• **What the exercise asks**
Your job is to print, exactly, the lines in the data below from the line with "Les caractéristiques techniquesCe" through the line with "How to Change User Department?", both included, and to omit any picture.

• **Material for this task**
+++

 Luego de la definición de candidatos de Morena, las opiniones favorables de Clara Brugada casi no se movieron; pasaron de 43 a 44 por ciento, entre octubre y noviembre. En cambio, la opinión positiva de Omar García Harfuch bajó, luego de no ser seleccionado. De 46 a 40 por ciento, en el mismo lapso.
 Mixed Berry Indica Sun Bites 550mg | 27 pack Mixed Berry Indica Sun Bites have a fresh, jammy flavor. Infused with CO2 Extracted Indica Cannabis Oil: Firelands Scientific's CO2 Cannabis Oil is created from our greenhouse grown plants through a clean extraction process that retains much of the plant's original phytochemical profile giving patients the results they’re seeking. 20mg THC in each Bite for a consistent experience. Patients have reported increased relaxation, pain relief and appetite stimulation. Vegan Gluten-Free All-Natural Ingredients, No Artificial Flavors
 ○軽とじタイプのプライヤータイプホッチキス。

+++

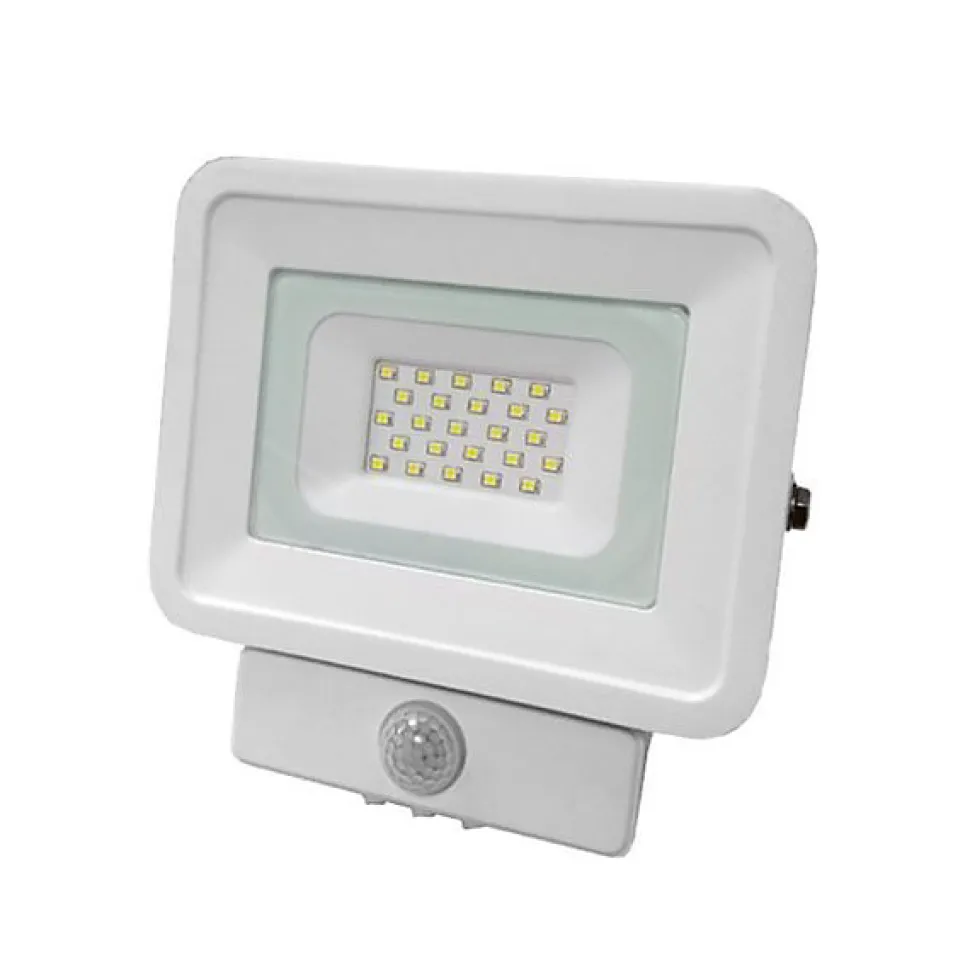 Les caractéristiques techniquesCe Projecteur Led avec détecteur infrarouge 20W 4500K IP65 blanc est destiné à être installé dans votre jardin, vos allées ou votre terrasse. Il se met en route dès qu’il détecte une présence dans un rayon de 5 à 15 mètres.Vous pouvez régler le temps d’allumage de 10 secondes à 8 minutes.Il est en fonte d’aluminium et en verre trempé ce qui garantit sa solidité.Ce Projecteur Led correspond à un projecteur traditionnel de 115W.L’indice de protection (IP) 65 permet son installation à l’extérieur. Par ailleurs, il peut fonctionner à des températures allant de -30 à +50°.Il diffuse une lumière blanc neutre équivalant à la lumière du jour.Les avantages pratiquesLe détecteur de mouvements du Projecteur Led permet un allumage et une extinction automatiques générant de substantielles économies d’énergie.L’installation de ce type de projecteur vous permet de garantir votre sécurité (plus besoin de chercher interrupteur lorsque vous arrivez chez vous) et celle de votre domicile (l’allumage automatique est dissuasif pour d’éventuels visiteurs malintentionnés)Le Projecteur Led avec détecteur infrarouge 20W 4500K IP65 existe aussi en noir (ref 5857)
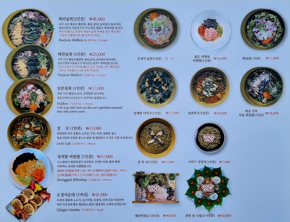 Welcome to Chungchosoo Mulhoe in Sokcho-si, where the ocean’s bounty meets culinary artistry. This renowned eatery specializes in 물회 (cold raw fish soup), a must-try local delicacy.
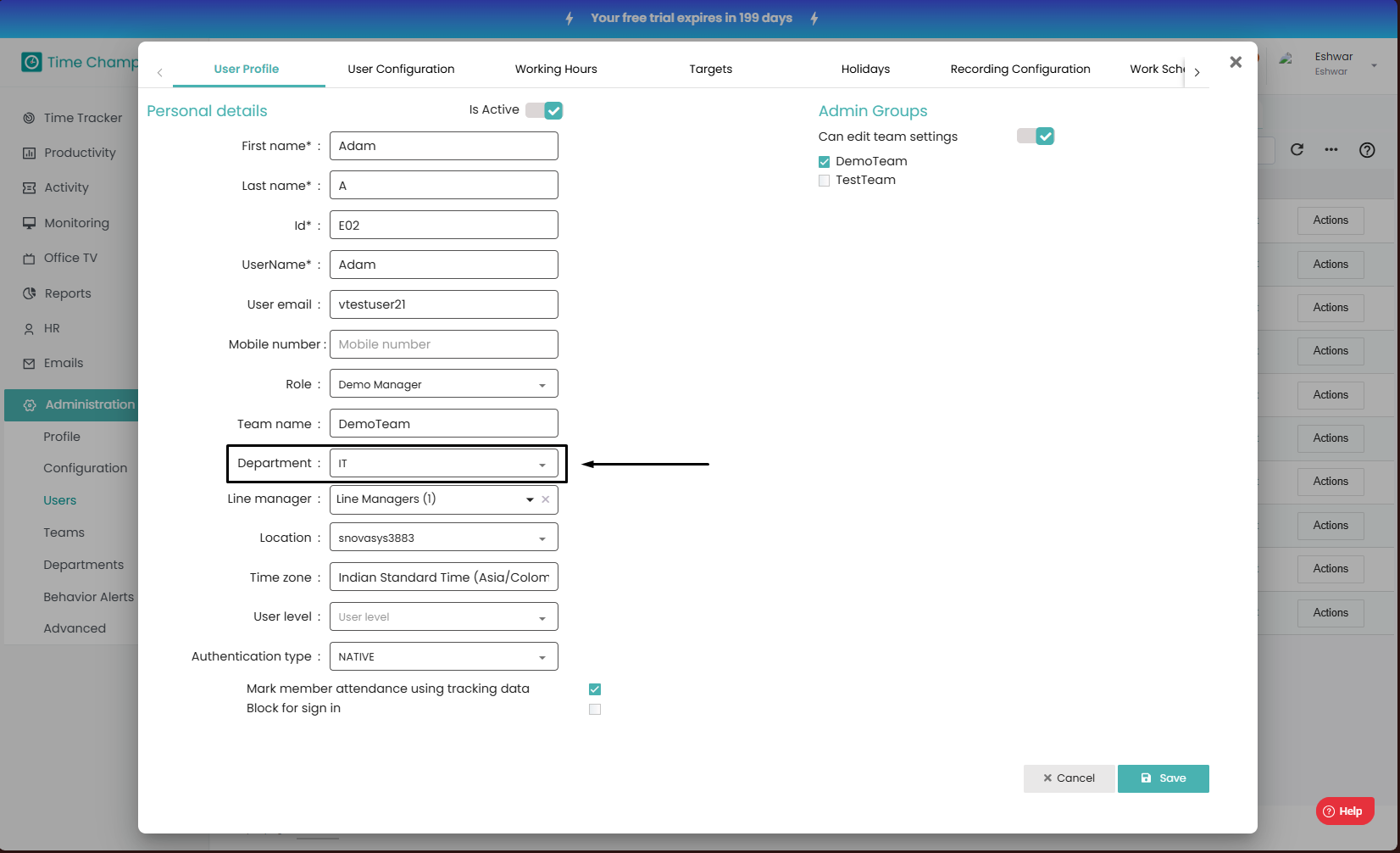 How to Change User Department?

+++

• **Result of this task**
 Les caractéristiques techniquesCe Projecteur Led avec détecteur infrarouge 20W 4500K IP65 blanc est destiné à être installé dans votre jardin, vos allées ou votre terrasse. Il se met en route dès qu’il détecte une présence dans un rayon de 5 à 15 mètres.Vous pouvez régler le temps d’allumage de 10 secondes à 8 minutes.Il est en fonte d’aluminium et en verre trempé ce qui garantit sa solidité.Ce Projecteur Led correspond à un projecteur traditionnel de 115W.L’indice de protection (IP) 65 permet son installation à l’extérieur. Par ailleurs, il peut fonctionner à des températures allant de -30 à +50°.Il diffuse une lumière blanc neutre équivalant à la lumière du jour.Les avantages pratiquesLe détecteur de mouvements du Projecteur Led permet un allumage et une extinction automatiques générant de substantielles économies d’énergie.L’installation de ce type de projecteur vous permet de garantir votre sécurité (plus besoin de chercher interrupteur lorsque vous arrivez chez vous) et celle de votre domicile (l’allumage automatique est dissuasif pour d’éventuels visiteurs malintentionnés)Le Projecteur Led avec détecteur infrarouge 20W 4500K IP65 existe aussi en noir (ref 5857)
 Welcome to Chungchosoo Mulhoe in Sokcho-si, where the ocean’s bounty meets culinary artistry. This renowned eatery specializes in 물회 (cold raw fish soup), a must-try local delicacy.
 How to Change User Department?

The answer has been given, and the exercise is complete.